Prime-power modulus decomposition
...............................................................................
.. type:: dlog_modpe_struct
.. type:: dlog_modpe_t
Structure for discrete logarithm modulo primepower `p^e`.
A :type:`dlog_modpe_t` is defined as an array of length one of type
:type:`dlog_modpe_struct`, permitting a :type:`dlog_modpe_t` to be passed by
reference.
.. function:: ulong dlog_modpe_init(dlog_modpe_t t, ulong a, ulong p, ulong e, ulong pe, ulong num)
.. function:: void dlog_modpe_clear(dlog_modpe_t t)
Clears *t*.
.. function:: ulong dlog_modpe(const dlog_modpe_t t, ulong b)
Return `\log(b,a)` using the precomputed data *t*.
CRT decomposition
...............................................................................
.. type:: dlog_crt_struct
.. type:: dlog_crt_t
Structure for discrete logarithm for groups of composite order.
A :type:`dlog_crt_t` is defined as an array of length one of type
:type:`dlog_crt_struct`, permitting a :type:`dlog_crt_t` to be passed by
reference.
.. function:: ulong dlog_crt_init(dlog_crt_t t, ulong a, ulong mod, ulong n, ulong num)
Precompute data for *num* evaluations of discrete logarithms in base *a* modulo *mod*,
where *a* has composite order *n*, using chinese remainder decomposition.
.. function:: void dlog_crt_clear(dlog_crt_t t)
Clears *t*.
.. function:: ulong dlog_crt(const dlog_crt_t t, ulong b)
Return `\log(b,a)` using the precomputed data *t*.
padic decomposition
...............................................................................

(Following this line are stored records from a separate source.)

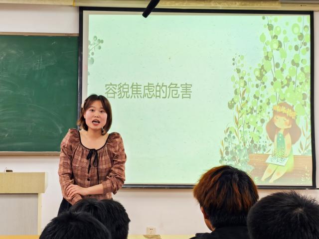 活动主要以容貌焦虑为主题。首先,王镭錡对容貌焦虑进行了定义,他指出这是一种普遍存在于学生群体中的心理状态,它涉及对自身外貌的过度关注和担忧。然后主讲人进一步分析了导致容貌焦虑的多种因素,其中包括自卑心理、普遍流行的单调单一审美等。在探讨审美焦虑的危害时,主讲人引用多个例子,指出长期的容貌焦虑可能导致抑郁、自卑、社交恐惧等问题,最终可能会影响到心理健康和学习。对于如何缓解容貌焦虑,主讲人提出了一系列策略,其中包括提升自我认知、提供情感支持与反馈、减少社会和媒体的负面影响以及提供心理辅导等。讲座中主讲人多次与同学们互动,大大提高了同学们的兴趣。
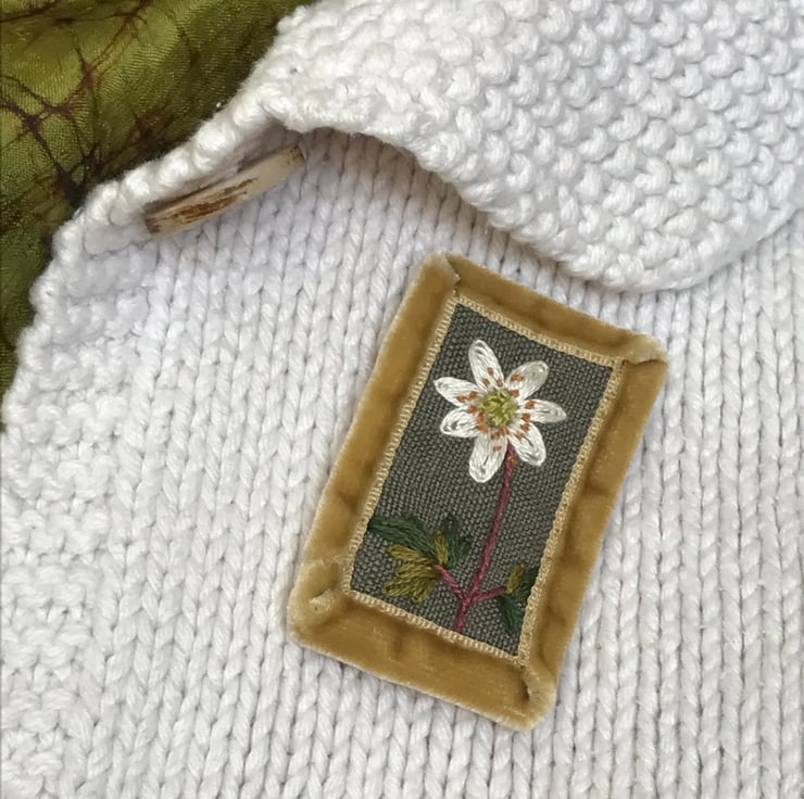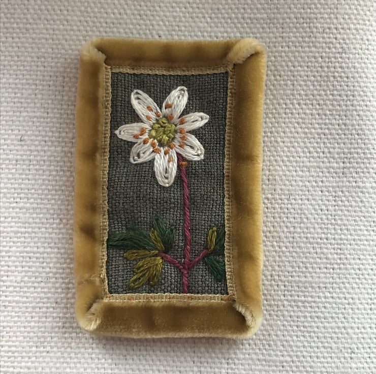 The stitching was carefully sewn onto a piece of soft cotton, there are looped stitched and knots, and stem stitch. It is finished around the edge with soft velvet ribbon which gives the item some structure and a luxurious feel.
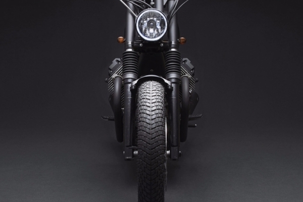 V7'nin boyası sade ve kusursuz, fakat olayı güzelleştiren, ince detaylar. Silindir kapakları daha klasik olanları ile değiştirilmiş. GPS gösterge ve özel yapım MASS Moto susturuculardaki Venier logoları da dikkat çekiyor.
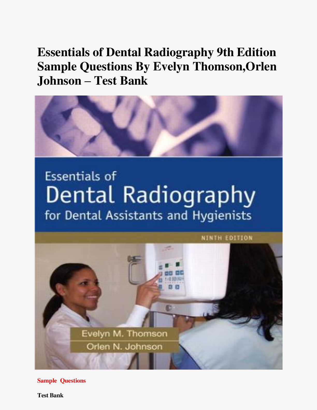 NURSING. > EXAM > Essentials of Dental Radiography 9th Edition Sample Questions By Evelyn Thomson,Orlen Johnson – Test Bank (All)
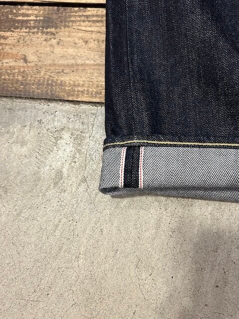 Indigo色は深いインディゴブルー色にイエローステッチが効いたこれぞデニムといった表情。

.. type:: dlog_power_struct
.. type:: dlog_power_t
Structure for discrete logarithm for groups of primepower order.
A :type:`dlog_power_t` is defined as an array of length one of type
:type:`dlog_power_struct`, permitting a :type:`dlog_power_t` to be passed by
reference.
.. function:: ulong dlog_power_init(dlog_power_t t, ulong a, ulong mod, ulong p, ulong e, ulong num)
Precompute data for *num* evaluations of discrete logarithms in base *a* modulo *mod*,
where *a* has prime power order *pe* equals `p^e`, using decomposition in base *p*.
.. function:: void dlog_power_clear(dlog_power_t t)
Clears *t*.
.. function:: ulong dlog_power(const dlog_power_t t, ulong b)
Return `\log(b,a)` using the precomputed data *t*.
Pollard rho method
...............................................................................
.. type:: dlog_rho_struct
.. type:: dlog_rho_t
Structure for discrete logarithm using Pollard rho.
A :type:`dlog_rho_t` is defined as an array of length one of type
:type:`dlog_rho_struct`, permitting a :type:`dlog_rho_t` to be passed by
reference.
.. function:: void dlog_rho_init(dlog_rho_t t, ulong a, ulong mod, ulong n)
Initialize random walks for evaluations of discrete logarithms in base *a* modulo *mod*,
where *a* has order *n*.
.. function:: void dlog_rho_clear(dlog_rho_t t)
Clears *t*.
.. function:: ulong dlog_rho(const dlog_rho_t t, ulong b)
Return `\log(b,a)` by the rho method in the group described by *t*.
|